Track Record: Lynch shot up draft boards late in the spring of 2018 when he showed improved stuff and control in late-season outings, including an excellent Atlantic Coast Conference tournament start in front of many Royals front office officials. Based on an outstanding pro debut between Rookie-level Burlington and low Class A Lexington, Lynch has solidified the belief that his improvement is sustainable. Scouting Report: After sitting 88-92 mph for much for his college career, Lynch's velocity bumped up to 93-95 late in his college career. It got even better when he got on the mound as a pro. He continued to sit 93-95 and started touching 97. He commands his plus fastball to both sides of the plate and is able to front-door his two-seamer back over the plate against righthanded hitters. Lynch throws two 83-85 mph breaking balls, and he varies the shape between the two. Both pitches have sharp downward bite and generate swings and misses, with his wipeout slider being the better of the two. His 85 mph changeup flashes above-average potential but is currently his most inconsistent pitch. It's a good pitch when he sells it, but he too often tries to guide it. Lynch has embraced his new power-oriented approach as he has embraced attack hitters with his new-found power. The Future: Lynch will move up to high Class A Wilmington in 2019, along with fellow first-rounders Brady Singer and Jackson Kowar, forming three-fifths of the Blue Rocks rotation. Lynch's rapid improvement gives him a shot of becoming one of the better lefthanded pitching prospects in the minors, but he needs to prove he can sustain his late-season 2018 form over a full season.

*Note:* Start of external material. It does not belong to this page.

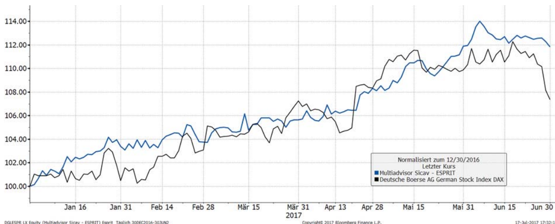
Multiadvisor Sicav - ESPRIT vs. DAX 31.12.16 bis 30.06.17, Quelle Bloomberg

und erzielte so gegenüber dem Markt eine höhere Performance bei gleichzeitig geringerer Schwankungsintensität.

Track Record:Singer was another in the long line of highly-acclaimed starting pitchers coming out of the University of Florida. But the righthander's pedigree goes further back then his time in Gainesville. He was a Blue Jays second-round pick out of high school who opted not to sign. The decision to skip pro ball the first time around turned out to be a wise choice by Singer. He was a key member of the Gators' rotation as a sophomore and junior and was the Baseball America College Player of the Year in 2018. Coming into the season, Singer was seen as a potential top-five pick for the 2018 draft. He slid to the 18th pick, but his $4.25 million bonus was nearly $1 million above the slot for that pick and was the 11th richest bonus in the first round. After pitching deep into the College World Series, Singer waited until three days before the deadline to sign. Because of Singer's heavy college workload in addition to a minor hamstring problem after reporting to the Royals' complex this summer, he has yet to make his official pro debut. He did pitch in instructional league. Scouting Report: The Royals were thrilled to get a near major league-ready pitcher that far into the draft. They see Singer as a starter with a durable body and competitive makeup. He flashes two plus pitches--a fastball and slider--delivered from a lower arm slot. That arm slot concerned some scouts, and they said they felt it limited his ability to consistently throw his changeup. While still a bit rusty during instructional league, Singer looked the part. His fastball sat 91-94 mph, which was close to his college velocity, with good movement down in the zone. His lower arm slot helps him get plenty of run on his fastball. He has good feel for his sharp slider, which comes in around 83 mph. He didn't have to use a changeup much in college and the pitch still is inconsistent for him. Singer has yet to become comfortable throwing it frequently, but it has potential to give him another above-average offspeed weapon. His control grades as above-average. The Future: Singer will likely start his career in a loaded high Class A Wilmington rotation in 2019. His advanced control and competitiveness give him a chance to be a mid-rotation starter. With his big-game experience and arsenal, Singer will move quickly through the system and could reach Double-A before the end of his first pro season.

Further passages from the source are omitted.